§ **Task prompt**: Which lines of the data contain the string "will"? Show each of them.

(Records to process begins)

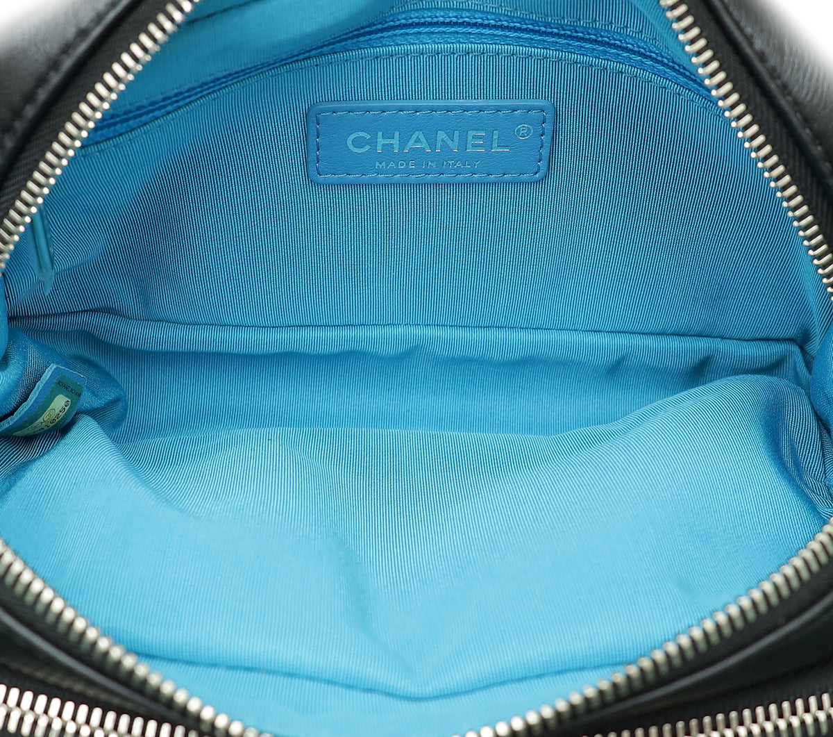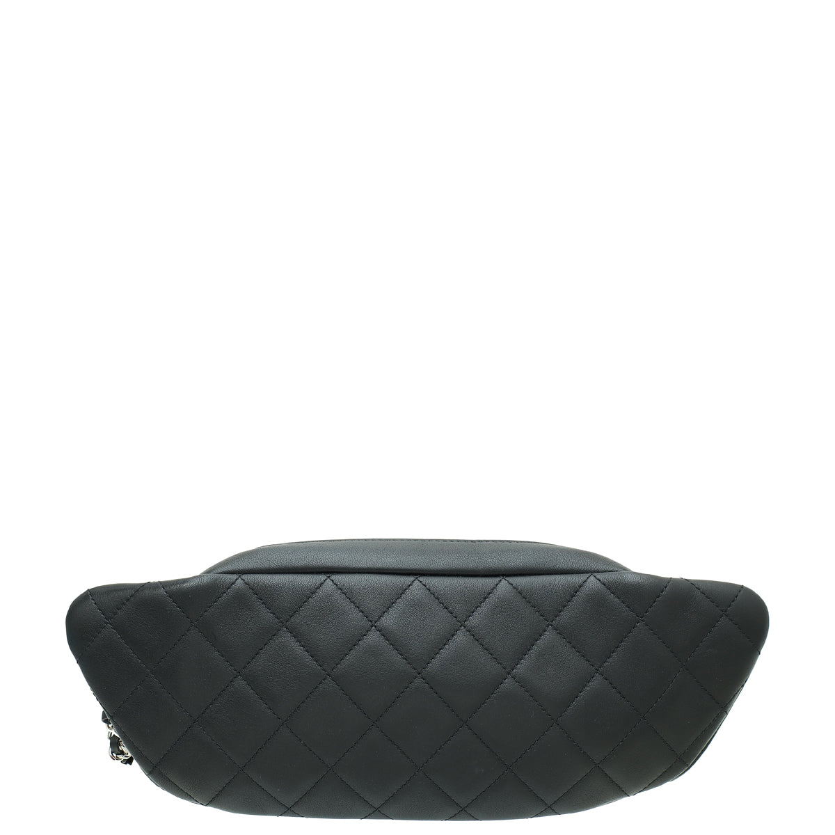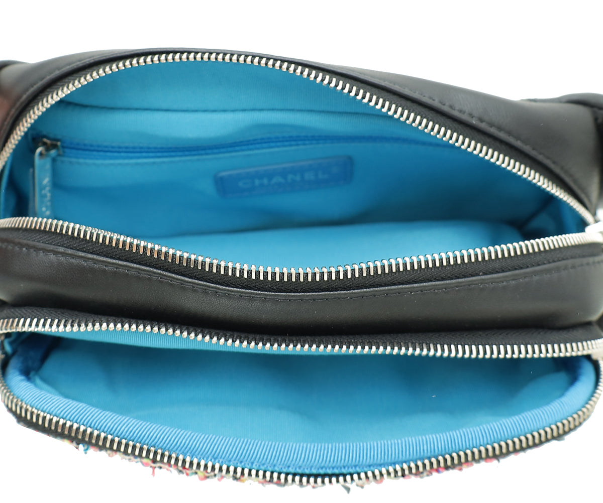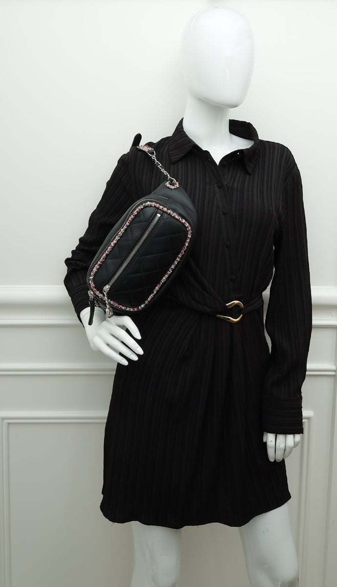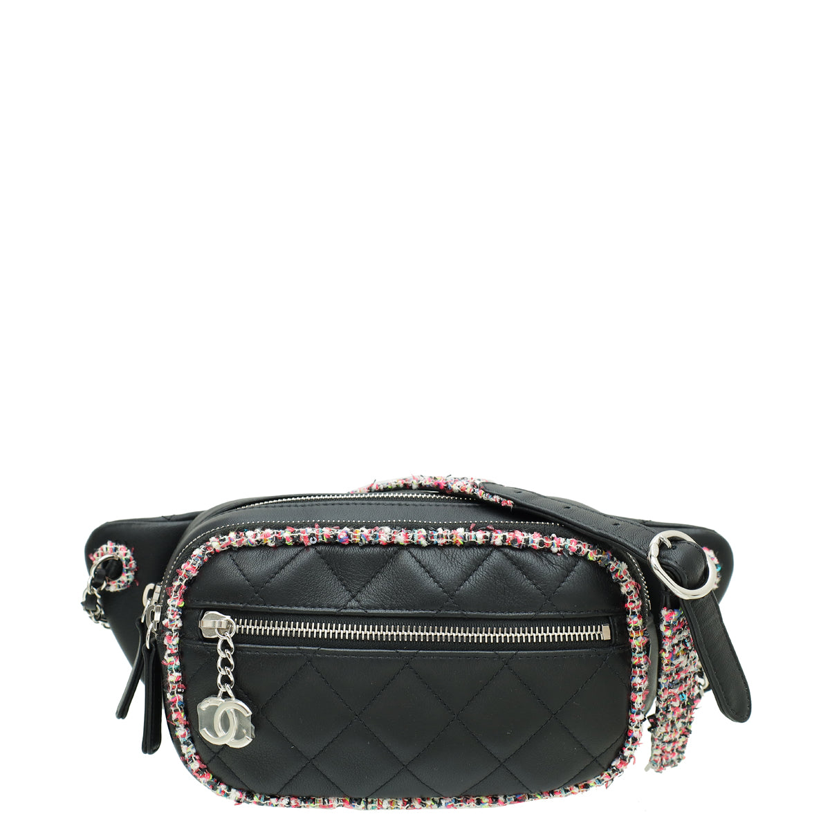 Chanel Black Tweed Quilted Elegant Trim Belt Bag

(Records to process ends)
(Records to process begins)

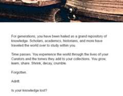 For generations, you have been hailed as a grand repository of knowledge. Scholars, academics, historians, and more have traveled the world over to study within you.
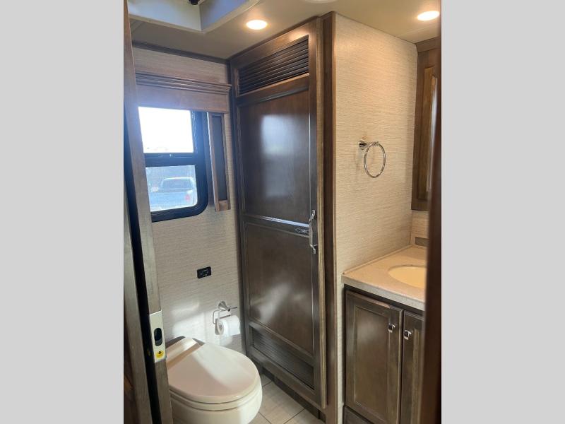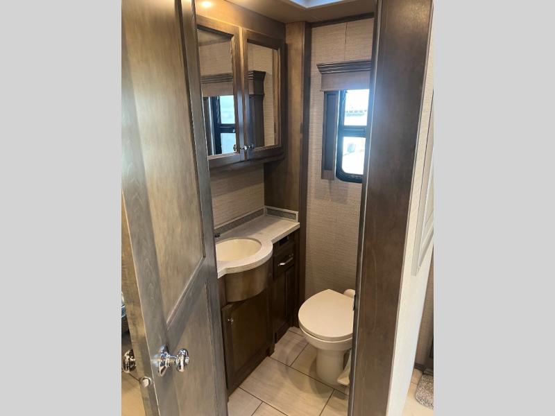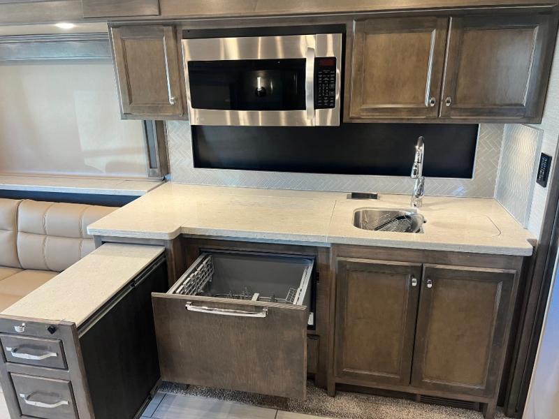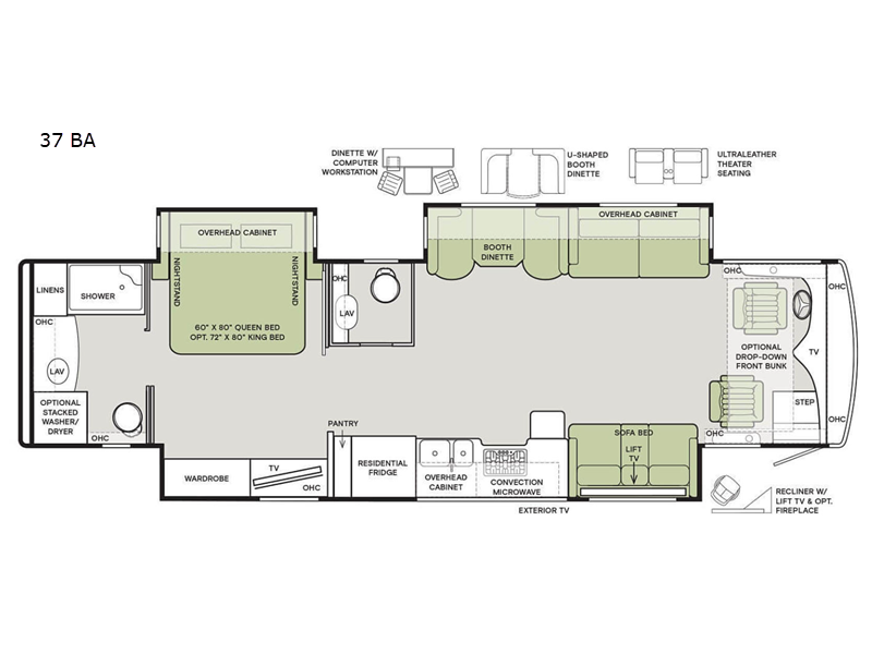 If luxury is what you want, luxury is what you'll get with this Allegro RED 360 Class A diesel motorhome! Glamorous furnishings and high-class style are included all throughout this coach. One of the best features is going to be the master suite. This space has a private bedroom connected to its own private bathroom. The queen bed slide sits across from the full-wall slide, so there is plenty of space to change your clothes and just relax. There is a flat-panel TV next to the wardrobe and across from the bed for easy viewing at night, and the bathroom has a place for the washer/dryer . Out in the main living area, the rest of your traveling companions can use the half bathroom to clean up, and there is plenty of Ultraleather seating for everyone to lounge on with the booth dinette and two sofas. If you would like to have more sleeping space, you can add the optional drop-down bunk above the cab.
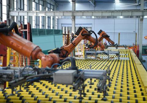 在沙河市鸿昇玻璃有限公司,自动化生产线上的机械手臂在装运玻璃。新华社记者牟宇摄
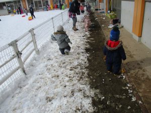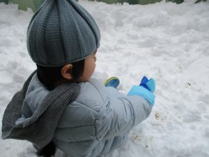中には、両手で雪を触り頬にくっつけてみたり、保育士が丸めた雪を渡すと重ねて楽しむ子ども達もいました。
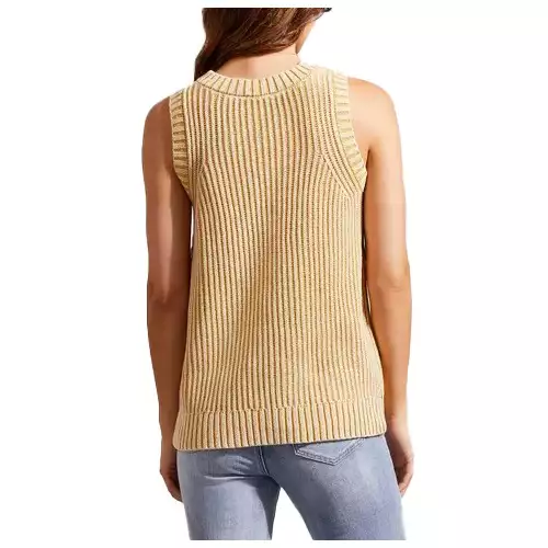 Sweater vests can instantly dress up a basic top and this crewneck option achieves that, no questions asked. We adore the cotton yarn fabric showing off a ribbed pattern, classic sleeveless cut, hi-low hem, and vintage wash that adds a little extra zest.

(Records to process ends)
(Records to process begins)

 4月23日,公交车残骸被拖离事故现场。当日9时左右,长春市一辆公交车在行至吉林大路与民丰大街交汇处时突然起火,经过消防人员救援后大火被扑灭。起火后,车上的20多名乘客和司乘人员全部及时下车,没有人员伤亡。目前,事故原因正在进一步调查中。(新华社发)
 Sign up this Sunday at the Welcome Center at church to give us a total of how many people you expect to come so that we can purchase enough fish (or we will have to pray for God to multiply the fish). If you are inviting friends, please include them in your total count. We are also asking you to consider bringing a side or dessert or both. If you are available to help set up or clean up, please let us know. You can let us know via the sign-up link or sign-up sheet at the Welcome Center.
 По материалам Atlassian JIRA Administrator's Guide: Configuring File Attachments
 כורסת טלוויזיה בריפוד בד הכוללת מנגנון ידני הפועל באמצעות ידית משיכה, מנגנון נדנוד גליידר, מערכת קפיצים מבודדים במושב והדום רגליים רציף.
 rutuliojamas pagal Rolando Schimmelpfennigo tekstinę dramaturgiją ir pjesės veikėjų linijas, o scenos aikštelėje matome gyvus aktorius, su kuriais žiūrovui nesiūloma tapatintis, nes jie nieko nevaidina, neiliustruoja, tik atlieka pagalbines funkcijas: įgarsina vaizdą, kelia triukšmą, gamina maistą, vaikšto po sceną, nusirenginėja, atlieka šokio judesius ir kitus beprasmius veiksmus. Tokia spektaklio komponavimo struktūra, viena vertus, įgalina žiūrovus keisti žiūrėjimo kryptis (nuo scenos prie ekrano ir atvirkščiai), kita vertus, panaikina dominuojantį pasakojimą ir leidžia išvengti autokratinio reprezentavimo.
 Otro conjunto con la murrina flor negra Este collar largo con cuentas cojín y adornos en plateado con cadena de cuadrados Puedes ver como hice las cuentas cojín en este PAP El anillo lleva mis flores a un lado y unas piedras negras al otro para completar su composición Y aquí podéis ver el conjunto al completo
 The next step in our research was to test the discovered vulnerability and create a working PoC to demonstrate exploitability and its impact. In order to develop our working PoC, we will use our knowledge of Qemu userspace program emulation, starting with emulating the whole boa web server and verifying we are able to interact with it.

(Records to process ends)

§ **Exercise result**:
 Sign up this Sunday at the Welcome Center at church to give us a total of how many people you expect to come so that we can purchase enough fish (or we will have to pray for God to multiply the fish). If you are inviting friends, please include them in your total count. We are also asking you to consider bringing a side or dessert or both. If you are available to help set up or clean up, please let us know. You can let us know via the sign-up link or sign-up sheet at the Welcome Center.
 The next step in our research was to test the discovered vulnerability and create a working PoC to demonstrate exploitability and its impact. In order to develop our working PoC, we will use our knowledge of Qemu userspace program emulation, starting with emulating the whole boa web server and verifying we are able to interact with it.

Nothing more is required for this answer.